PETALING JAYA: Despite the lockdowns and lower footfall traffic at its malls, the prospects of steady earnings recovery in financial year (FY) 2022 is expected for IGB Real Estate Investment Trust (IGB REIT).
This is also backed by its quality assets and a strategic rental structure to leverage on an imminent return of shopper traffic.
Analysts remained positive that footfall traffic would gradually increase for IGB REIT malls.
However, for the immediate term, especially in the third quarter of FY21, Kenanga Research said the worsening Covid-19 pandemic would put pressure on IGB REIT’s earnings.
UOB Kay Hian liked IGB REIT over other retail REITs for its resilient assets and faster-than peers’ recovery pace as well as the decent yields of at least 5% for 2022.
On assets, RHB Research said despite the challenging FY20, the market value of both Mid Valley Megamall (MVM) and The Gardens Mall (TGM) remained unchanged from FY19, at RM3.7bil and RM1.3bil respectively – a testament to the quality of the assets.AmInvestment Research added that the occupancy rate for MVM remained at 100% during the quarter, and 90% for TGM.
It added that IGB has guided that most of the tenancy contracts expiring by this year are being renewed at relatively flat rental rates.

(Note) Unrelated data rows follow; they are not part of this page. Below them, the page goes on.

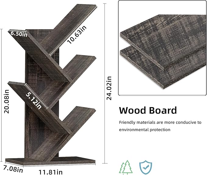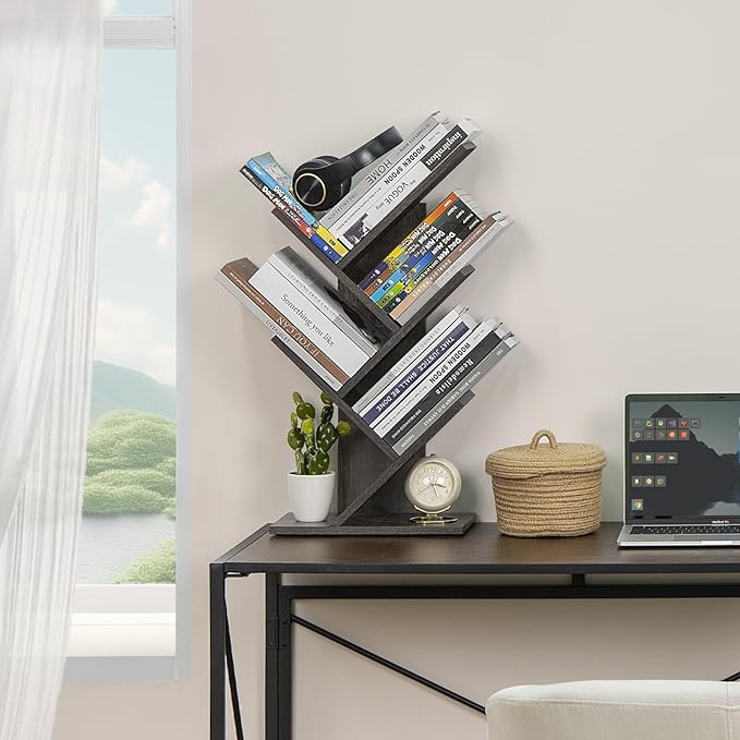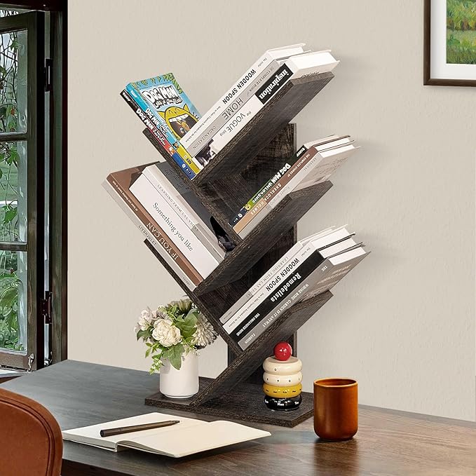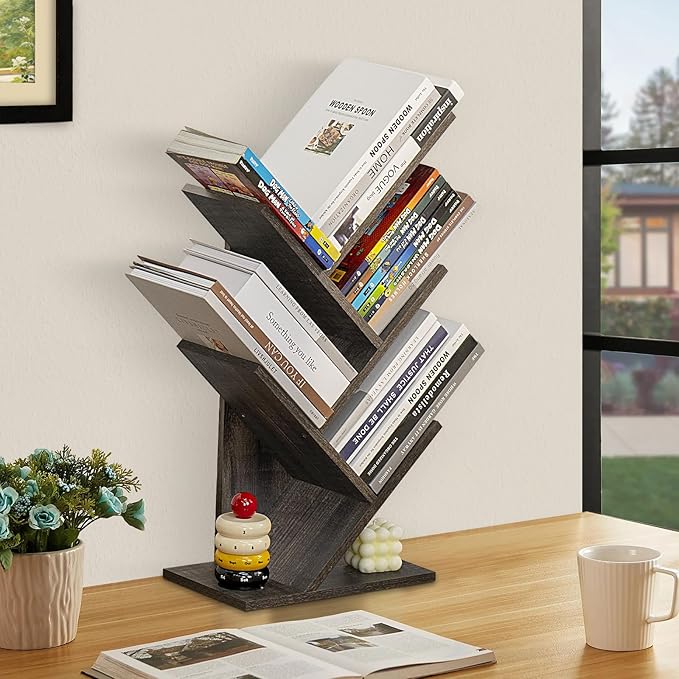 5 Tier Tree Book Shelf, Small Desktop Bookshelf with Storage Organizer, Wood Bookcase, Desk Display Bookshelves, Floor Standing Organizer Bookcases for Living Room,Bedroom,Office-Dark Grey
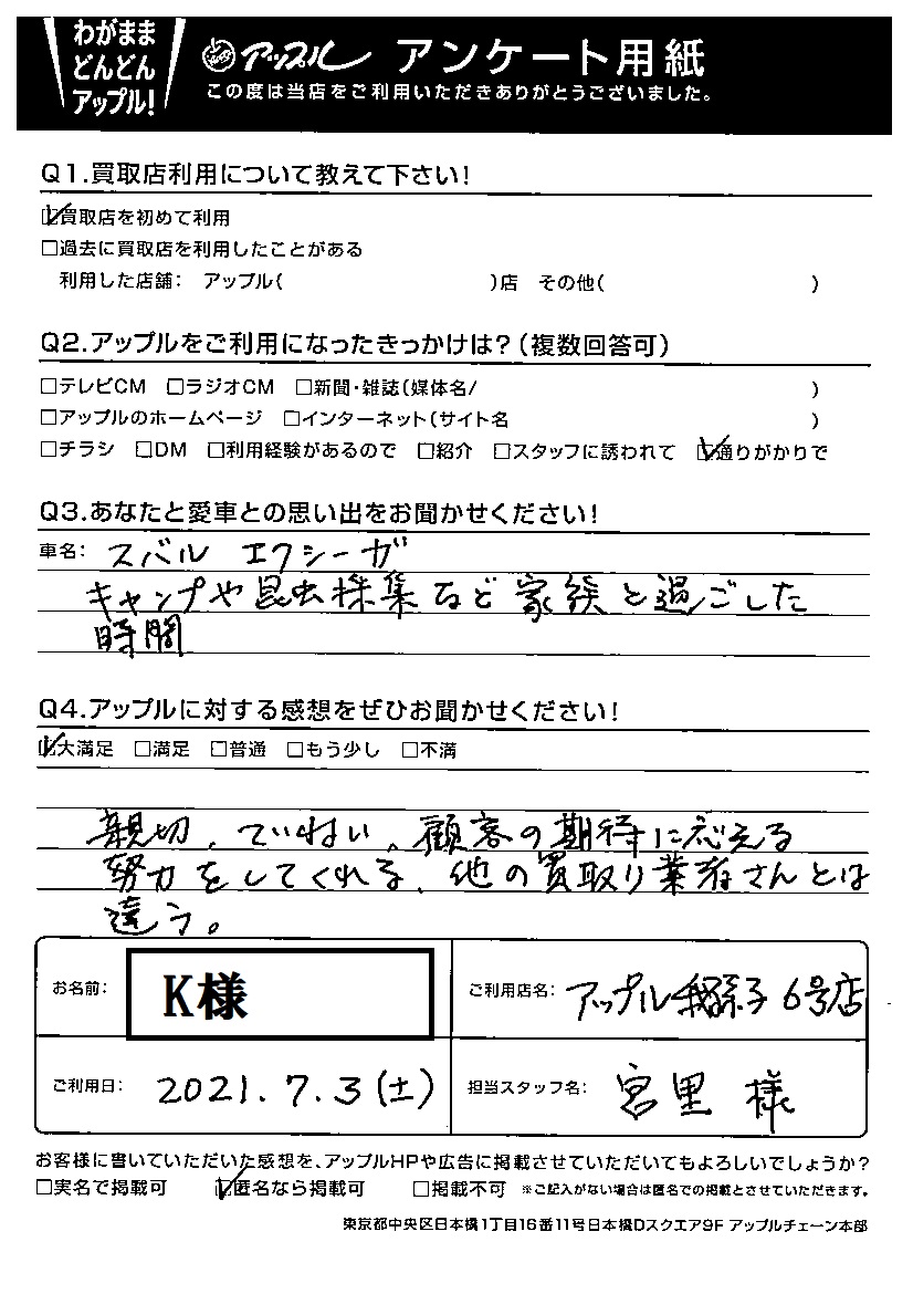 親切。ていねい。顧客の期待に応える努力をしてくれる。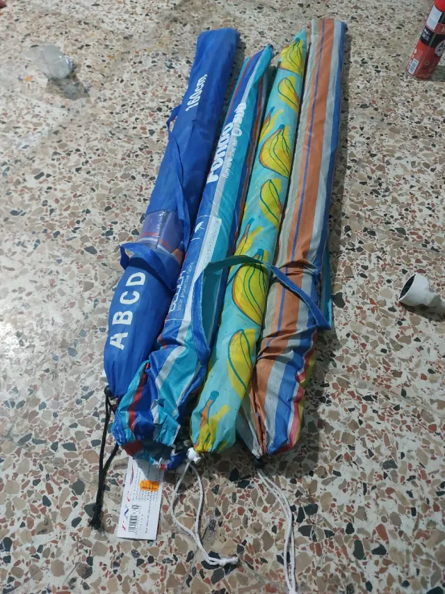 Detalles del productoConjunto de sombrillas de playa con diseño colorido y protección solar.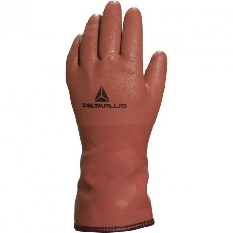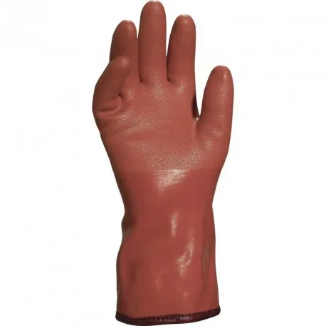 Утепленные перчатки ПВХ на хлопчатобумажной трикотажной основе «джерси». Утеплитель – акриловая подкладка. Длина – 30 см. Толщина - 1,3 мм. Рельефная поверхность на ладони. Перчатки водонепроницаемые и воздухонепроницаемые. Высокая устойчивость к истиранию. Устойчивость к воздействию масляных, химических средств и нефтепродуктам.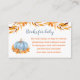 Little Pumpkin Is On The Way! Elegant Fall / Autumn baby shower Books For Baby Card in blue and orange for a boy baby shower. - Kate Eden Art
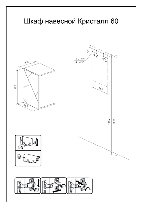 Шкаф подвесной БРИКЛАЕР Кристалл 60 35,2х60 ясень анкор темный, софт графит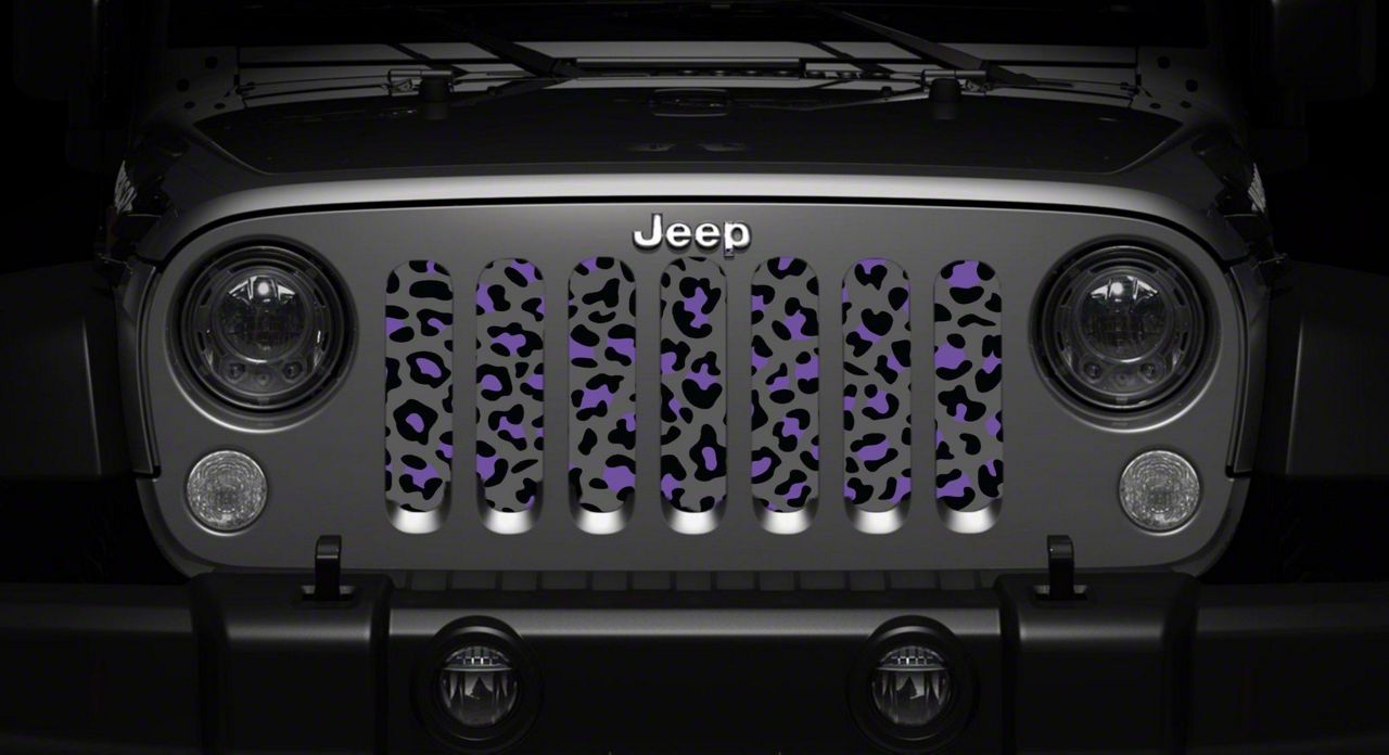 Personalize Your Jeep. This Grille Insert; Gray and Purple Leopard Print will customize your Jeep in your own way. Rest assured, it will not compromise the integrity of your grille. Your radiator and engine compartment still gets the proper airflow needed to perform.

The research house added that under the recent lockdown, MVM and TGM only recorded 10% of pre-pandemic footfall during the second quarter of FY21 compared with 60% to 70% before the movement control order 3.0 which commenced on May 6.

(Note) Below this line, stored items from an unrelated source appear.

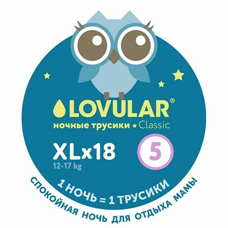 Подгузники-трусики ночные Lovular Classic XL (12-17 кг) 18 шт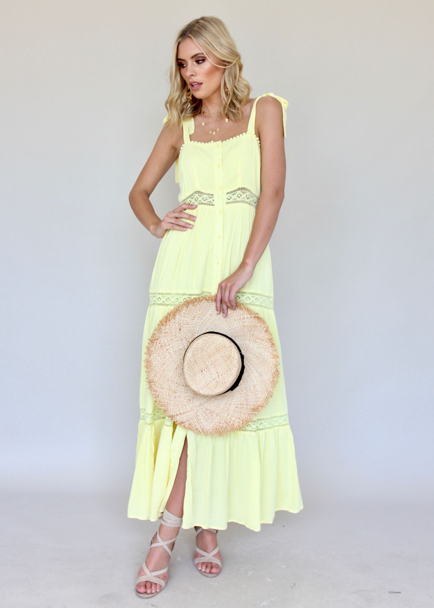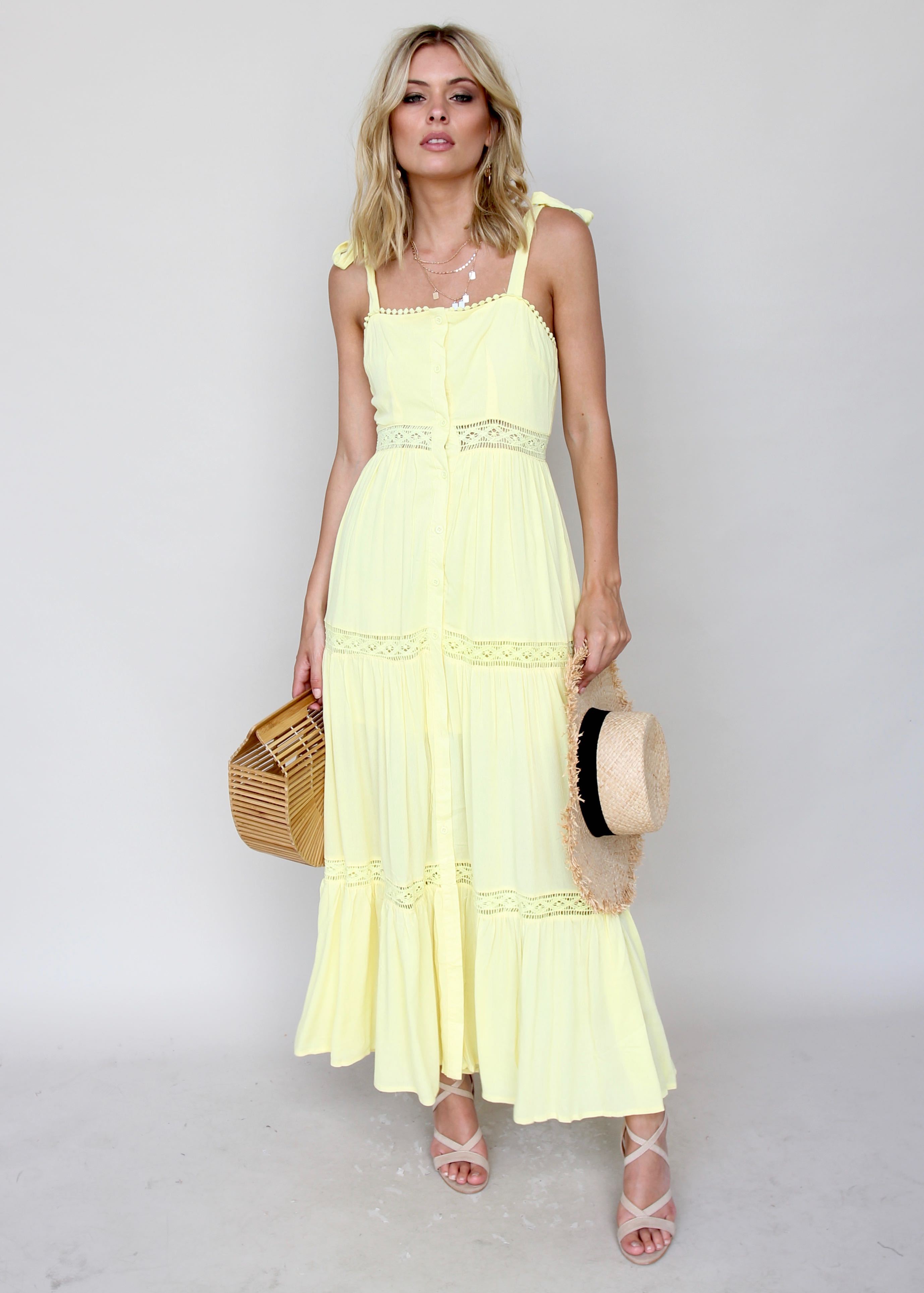 A simple and easy to wear maxi dress, in a pale yellow colour!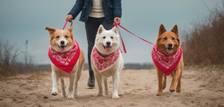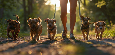 A lively scene of four dogs walking happily on leashes, showcasing different breeds. The sunny outdoor setting creates a joyful atmosphere, ideal for pet lovers.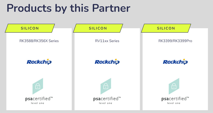 RK3588及RK356X系列均具有强大的安全子系统,支持Arm TrustZone®隔离、加密硬件加速器、安全OTP、安全启动等功能,满足 PSA 模型的10个安全目标,可高效支持基于PSA框架的安全物联网解决方案的大规模部署。

“The company is confident that footfall will rebound strongly once standard operating procedures are relaxed as the vaccination rate continues to increase,’’ AmInvestment said.
RHB Research has slashed its FY earnings by 19% to take into account the impact of the various phases of lockdowns for the year. But it retained its FY22-23 earnings unchanged.
RHB, AmInvestment and UOB Kay Hian retained their “buy’’ calls on the stock with a target price (TP) of RM1.95, RM1.85 and RM1.90 a share respectively.
Kenanga maintained its “market perform’’ call with a TP at RM1.70 a share.
RHB cited slower-than-expected reopening of the economy as the key risk to its call.
For the first half of FY21, IGB REIT’s net property income fell marginally to RM125mil while revenue dropped 1.4% to RM184mil from RM186mil earlier.